Through its control of key economic and social institutions, the state’s continuing role in shaping the behaviour and practices of firms, and in imposing order on an otherwise unruly world of markets, remains vital to our understanding of how production works and how production cultures are themselves produced at a variety of spatial scales. This role for the state as a producer and regulator of the ‘soft infrastructure’ of the economy is as old as capitalism itself (Polanyi, 1944). Of course these institutions, while durable, also evolve through time and are themselves shaped by local, national and international politics and power struggles (Clark et al., 2000b). It is here that we need to reconsider explicitly the third big idea from the cultural economic geography of production—path dependency. Whether at the national or the regional scale, the influence of human action can and does bring about change within institutional structures. Our present level of understanding of the evolutionary dynamics of lock-in versus change still remains woefully underdeveloped, with seemingly little or no room for local or national politics.

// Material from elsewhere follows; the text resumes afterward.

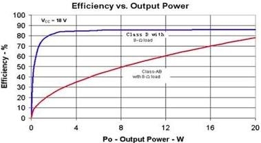 眾所周知,D類音頻放大器有很多優點,而其中最重要的一個優點就是它的效率要遠比AB類放大器的效率高,F在雖然大家都承認這一優點,但是對于其中的理解和認識還是很不相同的。不少人都認為AB類放大器的效率通常是70-80%,而D類放大器的效率則可以達到80-90%。所以D類放大器的效率大約可以比AB類放大器效率高10-15%左右。

In summing up, there is little doubt that a cultural economic geography of production has opened up new conceptual and empirical terrain previously considered off-limits to economic geographers, and the field is richer for it. Certain truisms—once unthinkable—have now become widely accepted. Culture and economy are now accepted as two sides of the same coin. Seemingly natural structures such as markets are now understood to be deeply embedded. One simply cannot understand how economies in particular places work (or how production processes unfold) without considering the broader social matrix within which they are situated. While this has always been true, our awareness of this relationship, and of the importance of local cultures of production, has been heightened by the growing importance of two major phenomena: the social division of labour in production systems and the role of knowledge production and sharing (learning). All the same, with these basic insights now effectively assimilated within the canon of economic-geographical thought, it is now time to take our analysis to another level of sophistication. In the heady early days of economic geography’s cultural turn, the choice posed by many—to which I alluded at the beginning of this chapter—was between cultural economy and political economy. As we enter a more mature phase, perhaps we shall see greater value in reworking earlier themes and questions concerning the geography of production. How about a cultural political economy of geography?